It pays to empower employees to do the right thing

One of the examples I frequently use working with clients involves a medical practice that allows their team to give small gifts as service recovery or just to say thank you.  

That story came from my friend and FiveFour co-founder Matt Jensen.   

Matt recently wrote about this idea, and I asked Matt if we could share it with you. He was kind enough to say yes. Here you go:  

Good leaders make the right thing to do, the easy thing to do. 

One of MJM’s clients is so committed to this concept that the company – in this case, a multi-location medical practice – allows every employee to spend up to $100 to brighten the day of their patients, colleagues, or a vendor partner. The practice wanted this to be frictionless, so they avoided making it a bureaucratic process heavy on checks and permissions.   

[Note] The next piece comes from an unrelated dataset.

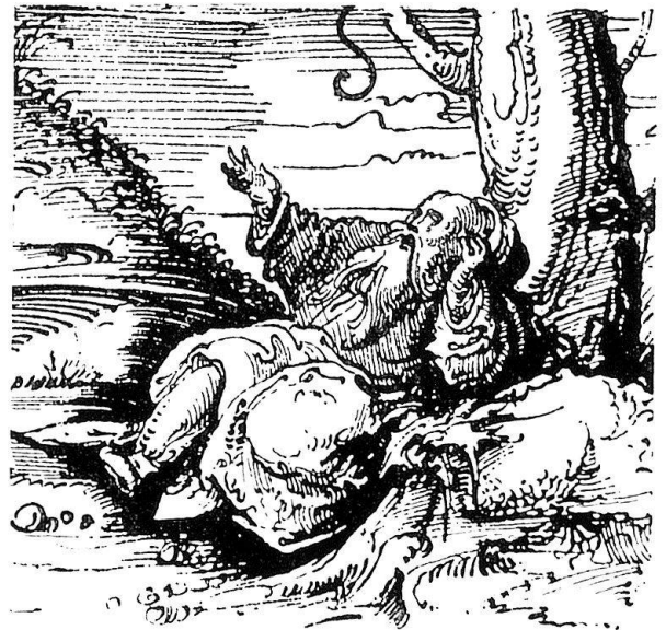
Abb. 16. Detail aus einer Burgkmair bzw. dem Petrarcomeister zugeschriebenen Randzeichnung des Maximilian-Gebetbuches von 1515

zunächst den Anschein hat, denn die Johannesaltarskizze ist der Angelpunkt einer ganzen Gruppe von Burgkmair zugewiesenen Zeichnungen. Wie weit sich diese Zuweisungen bei Herausnahme der Johanneskizze noch halten lassen, ob etwa die sämtlichen um sie gruppierten Blätter als Arbeiten des Petrarcomeisters anzusehen und damit, analog den Erkenntnissen auf dem Gebiet des Holzschnittes, auch Zeichnungen des Petrarcomeisters aus dem (Fuvre Burgkmairs herauszusondern sind, vermag ich nicht zu beurteilen. Sollte sich jedoch ein solches Resultat aus den vorliegenden Erwägungen ergeben, was zum Beispiel in Ansehung der Gebetbuchillustrationen des Petrarcomeisters für die beiden Zeichnungen zu einem Marienleben (abgebildet bei Schilling, Wallraff-Richartz-Jahrbuch 1933-34) nicht unwahrscheinlich anmutet, dann würde diese Erkenntnis möglicherweise eine weitere nach sich ziehen, nämlich die, daß für solche Blätter, die Entwürfe zu Altartafeln abgeben, auch die entsprechenden Gemälde, – also beispielsweise sowohl die im Louvre befindlichen Figurenzeichnungen der Innenflügel des Kreuzaltars, wie die Tafeln selbst – von dem Burgkmair-Gesellen, um den es hier geht, herrühren. Wie Burgkmairsche Holzschnitte in Rahmen des Petrarcomeisters gefaßt wurden (M. 584 und B. VII, 4-6), so mag das vom Meister selbst geschaffene Mittelbild des Kreuzaltars von Flügelbildern seines Gesellen, eben des Petrarcomeisters,

Your mind went right to how much that costs, didn’t it? Let me allay your fears: across 300 employees, none of them have actually spent $100. For our client, empowering their team to make a difference on the spot has generated so much word-of-mouth marketing that they’ll never stop making the right thing to do, the easy thing to do.  

It all began with training and practice, both of which set expectations for how this team would treat everyone from patient customers to co-workers to the delivery drivers. Without those, their daily interactions become a series of missed opportunities.   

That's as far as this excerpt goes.